To expand on the last point, it is worth pointing out that just like the polygraph, this Reid technique also becomes an Achilles Heel against a more prepared subject. For example, I remember reading about Aldrich Ames, a high level CIA employee was giving information to the Soviets during the Cold War. He passed several routine polygraph tests while doing so. The reason was because he was trained to do so by his handlers, and also because examiners believed polygraph is a reliable tool. If subject passes such an advanced test, they can't be lying.
Likewise, a good criminal (well, ok, a good criminal will never find themselves caught), but still, they could learn the idea behind the Reid thing and understand what is being done. Go through the whole process, and then at the end the investigators would be convinced "well, we used our advanced technique on him, he didn't confess, he must not be guilty" and so on.

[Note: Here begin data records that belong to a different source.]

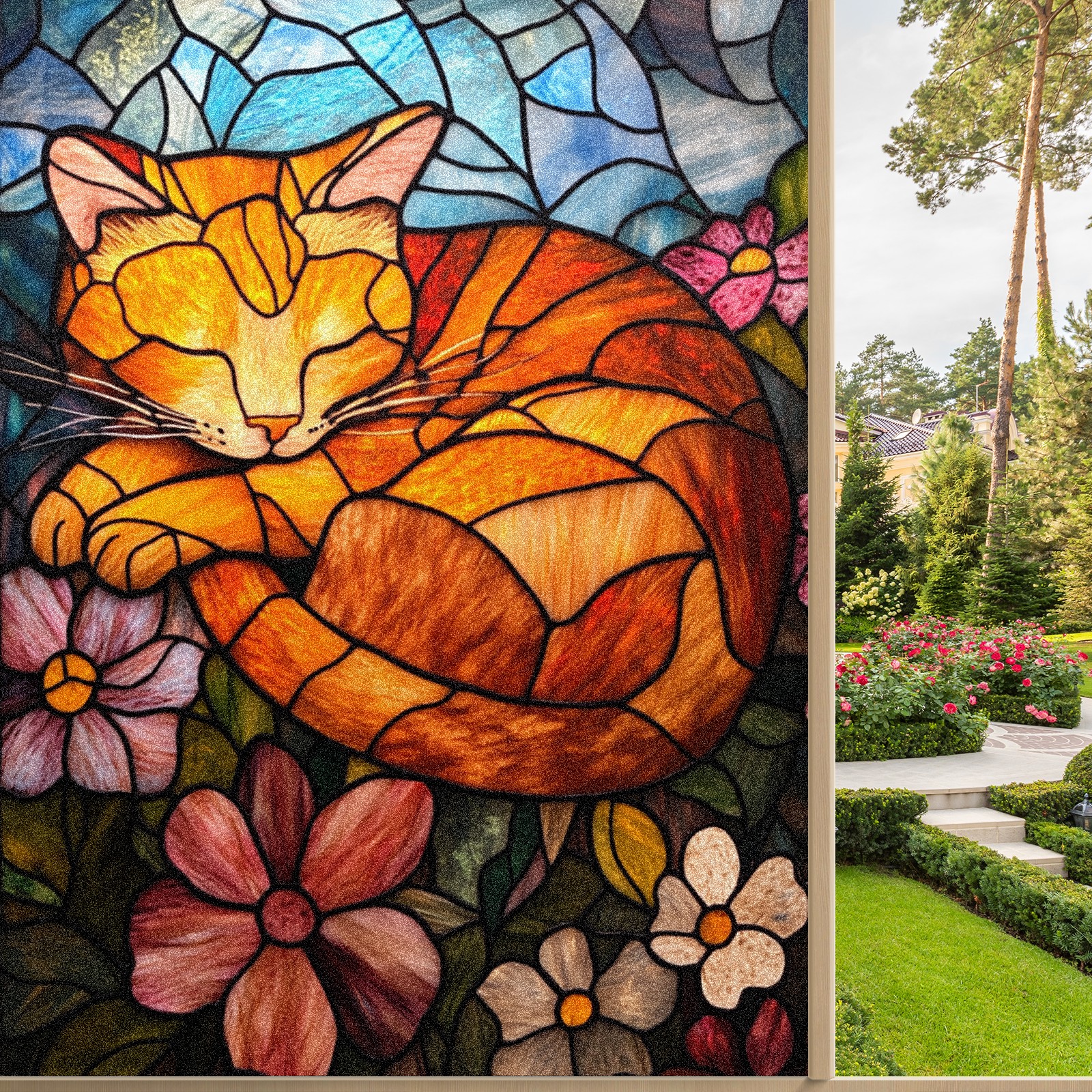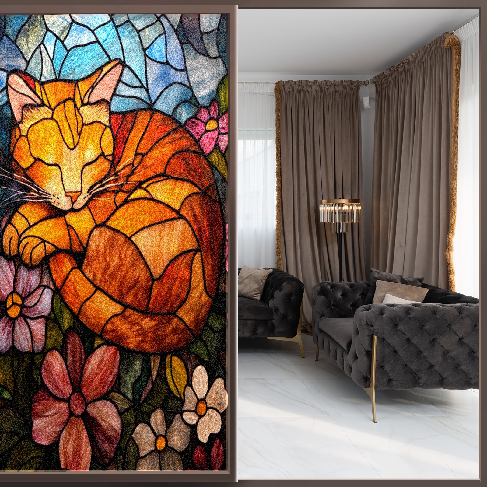 Scrub Glass Films Privacy Window Film Frosted Stained Film Decorative Static Cling for Home Office Bathroom Stained Window Sleeping Cat Flowers 1
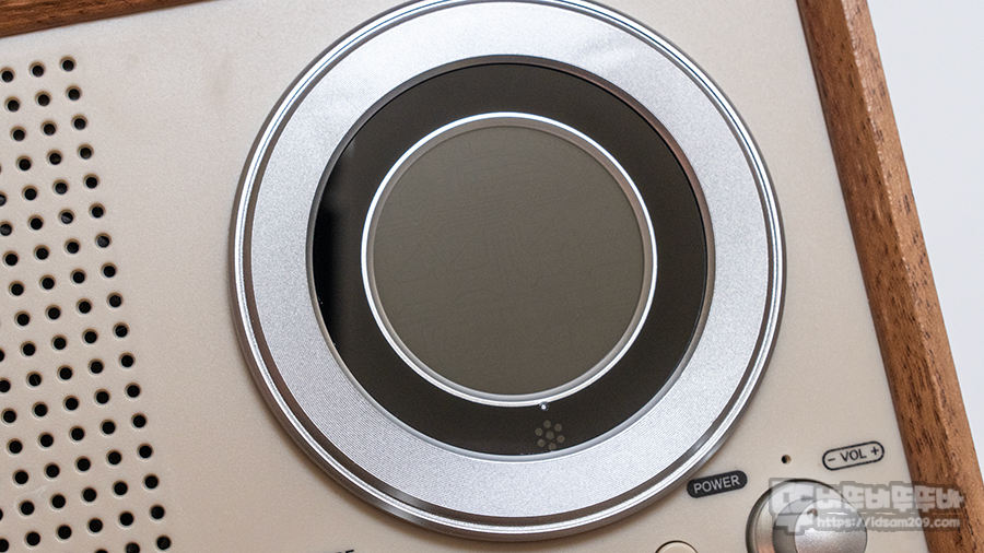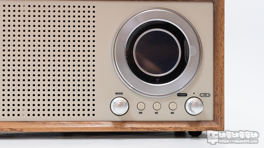 전면에 타공면과 동글동글한 원형 디스플레이와 노브 그리고 버튼 구조는 과거 아날로그 디자인을 현대적으로 잘 복원한 느낌을 줍니다.
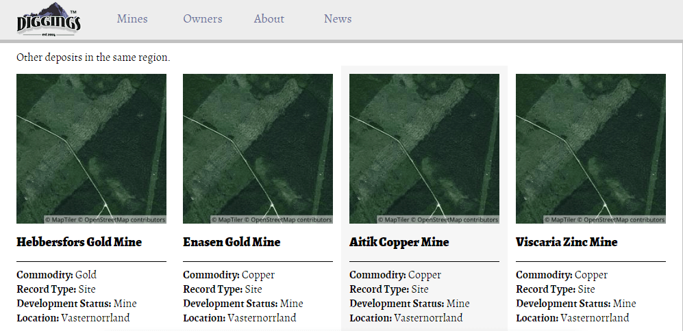 There are also four other active mines in Vasternorrland County, including mines for gold, copper, and zinc.
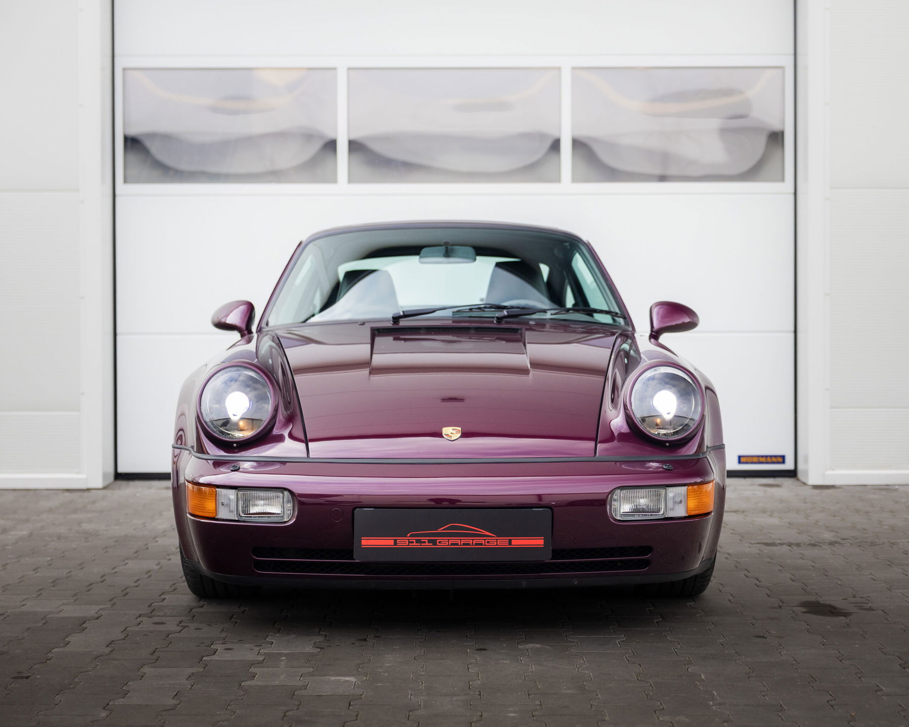 Originele fabrieksspecificaties (basisvoertuig):– 1992 Porsche 911 Carrera 2 Coupé (964)– Amethyst Metallic exterieur (F9)– Classic Grey volledig lederen interieur (LE)– Verwarmde stoelen, links en rechts (139 / 340)– Elektrische stoelhoogteverstelling (379 / 380)– Airconditioning (573) – Stuurbekrachtiging (657) – Sperdifferentieel (219) – 17″ lichtmetalen velgen (403) – Achterruitwisser (425) – Boordcomputer (659) – Geluidsinstallatie (490) – Groen getinte voorruit met zonneklep (567)
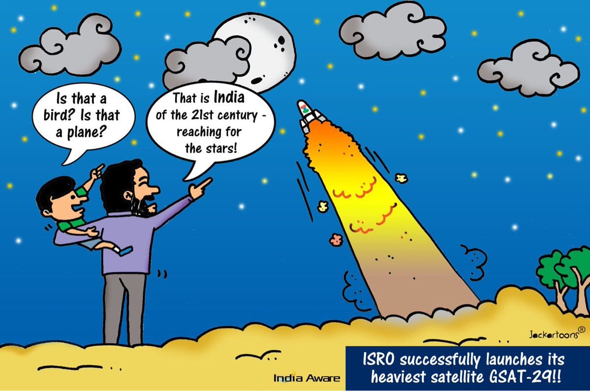 जैककार्टून्स जीसैट-29 के सफल परीक्षण पर ख़ुशी मनाते हैं.
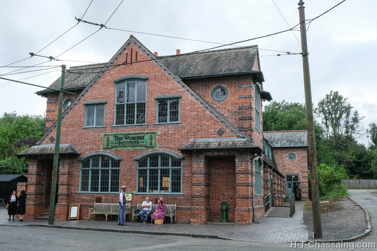 Des figurants en tenue d’époque devant « L’Institut des Travailleurs ». À l’intérieur, une bibliothèque, une salle de conférence, etc. Black Country Living Museum. Birmingham, Midlands de l’Ouest, Angleterre. Royaume-Uni – 19 Août 2024.
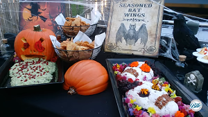 Halloween Display with Pumpkin Puke, Blood Skull, Devil's Eggs and Halloween signs and decor
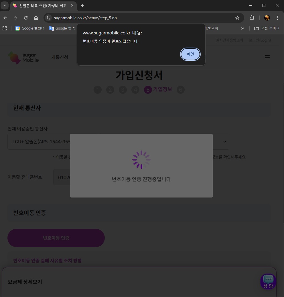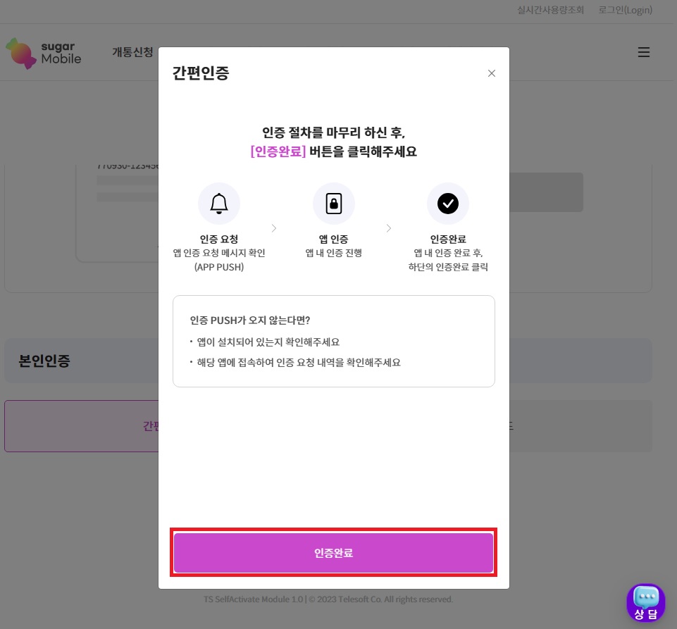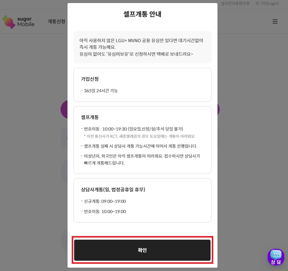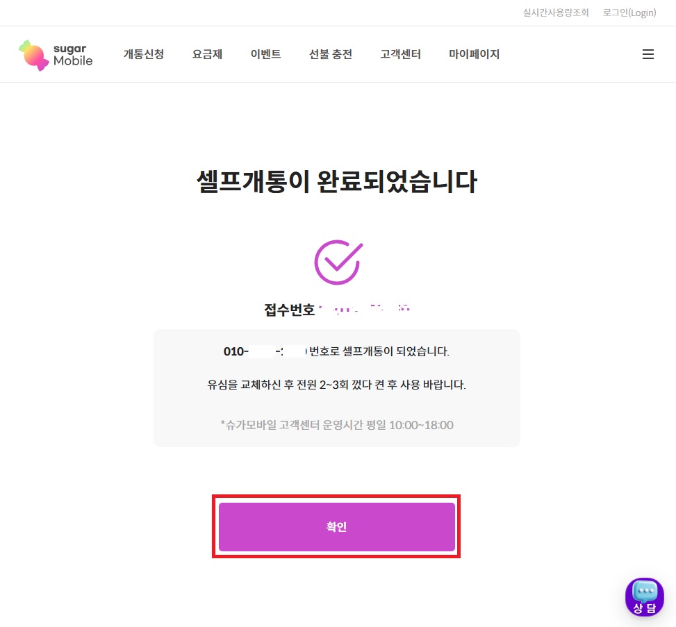 37. 셀프개통이 완료되었다고 나오면 확인 클릭 !!
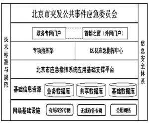 根据北京市《应急指挥系统信息化技术支撑体系》,北京市的应急系统能够体系结构细化为下图:
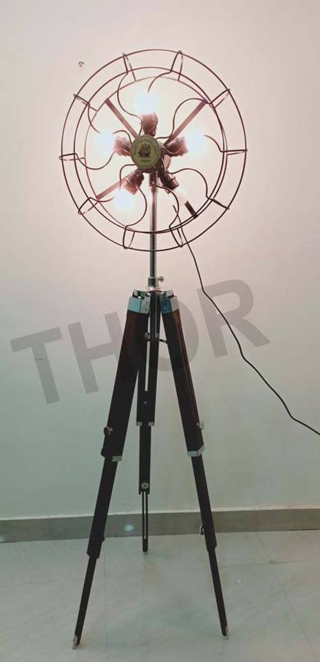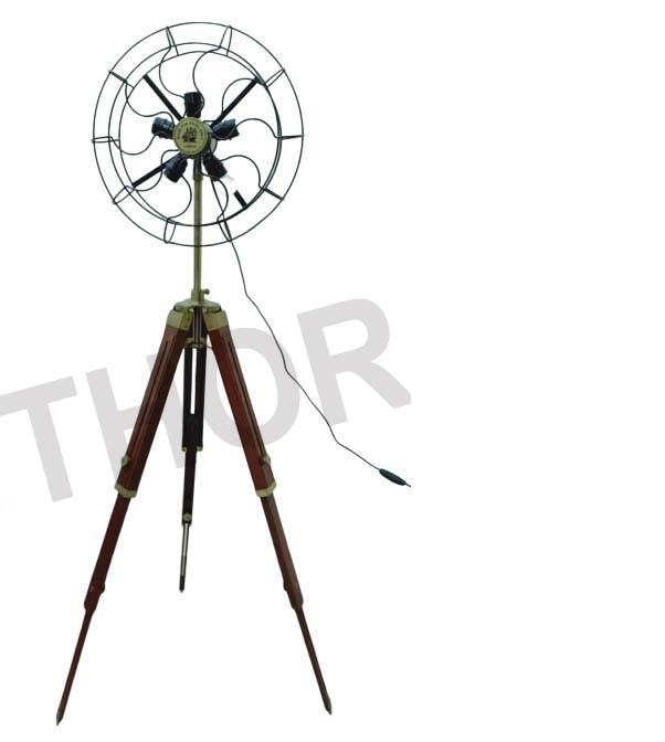 Nautical Spot Light Fan Floor Lamp Tripod Wooden Stand Home Decorative Item
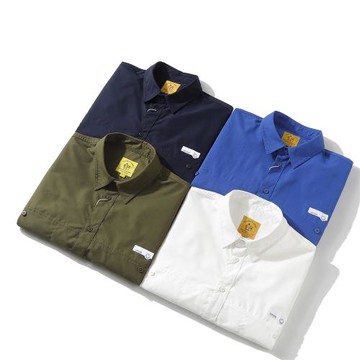 韓國單外貿男裝四季款男士休閑長袖襯衫麂皮貼肘補丁襯衣男襯衫潮
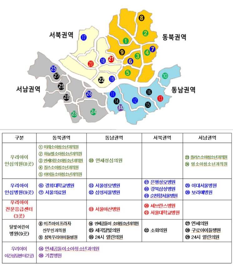 서울시에서는 서울형 야간, 휴일 소아의료체계를 구축하여, 시도 때도 없이 갑자기 아픈 우리 아이들을 바로 진료할 수 있도록 우리 아이 안심의원, 우리 아이 안심병원, 달빛어린이 병원을 서울시 권역별로 24시간 운영하고 있습니다. 아래 그림을 참고하시고 다운로드하여 이용하세요!
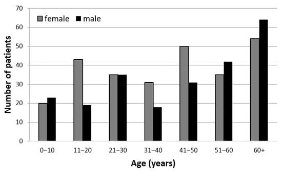 Out of a total of 500 examined patients, 268 were female (53.6%). The mean age was 41.9 years (ranging from 1 to 95 years). Figure 1 presents the age and sex distribution of the study sample.
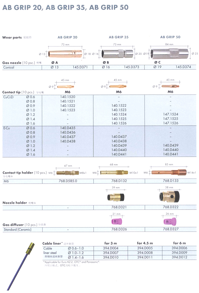 賓采爾二氧化碳焊槍配件

I imagine at one point, good-cop bad-cop was actually useful and not so well no and a trope that it isn't obviously seen for what it is. Although, I imagine if done right, the benefit of a lot of these techniques is that the subject is under pressure, and may not be thinking clearly. In a way, they are all similar in that they are about creating, enforcing and capitalizing on situations like that.
The principal's office is not a courtroom - there is no right to remain silent, right to due process, right to representation, cross-examination, presumption of innocence, burden of proof, or anything like that.
School administrators are 100% within their rights to dispense the same punishments to uncooperative students as those whose guilt can be actually established, to escalate discipline (including, in 19 states, beating with paddles and canes) until the student apologizes/confesses, and to share the fruits of their much-less-constrained interrogations with police.
Right. That's why I also added the part to familiarize students with the Reid technique "They will behave this way, and lie to you, then they are trained to do this... etc".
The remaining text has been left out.